Beyond the above modem models, most any industry standard (of the time)
external RS-232-C serial modem can work well with the Atari.  These were
commonly sold for PCs for many years.  The Hayes Smartmodem more or less
defined the market for these, initially.  Normally modems featured a DB-25S
connector for interfacing to the computer.
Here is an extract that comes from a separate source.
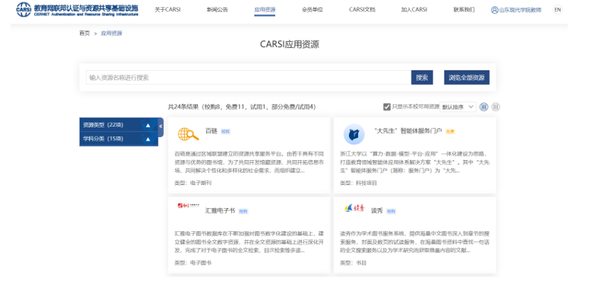 四、接下来就可以访问我校已经购买并已在CARSI上线的学术资源。

The original, most common, and most trouble-free way to use such a modem with
the Atari is to attach it to the #1 RS-232-C serial port (DE-9S) of the Atari
850 Interface Module or equivalent, using an Atari CX87 Modem Cable or
equivalent (DE-9P to DB-25P).  Note that the standard "modem cable" used with
PCs of the era was DE-9S to DB-25P.  Such a cable combined with a simple DE-9
P-P gender converter creates the equivalent of the Atari CX87 Modem Cable.

A less common way to connect a standard external modem with DB-25S connector
to the Atari is to connect it to the Atari SIO port via an R-Verter Serial Bus
Modem Adapter (Atari SIO to DB-25P) by Advanced Interface Devices (A.I.D.),
later sold as the SupraVerter by Supra, or equivalent.
- The R-verter uses SIO Motor Control; only one such device can be attached
   to the system at a time.

Note that the top modem bitrate that can be utilized by the Atari, under ideal
circumstances, is 19200 bit/s.  Modems capable of faster bitrates work fine,
they just can't be operated at their full speeds.

Later external modems designed for newer PCs connected to a USB port on the PC
instead of the standard DE-9P serial port found on earlier PCs.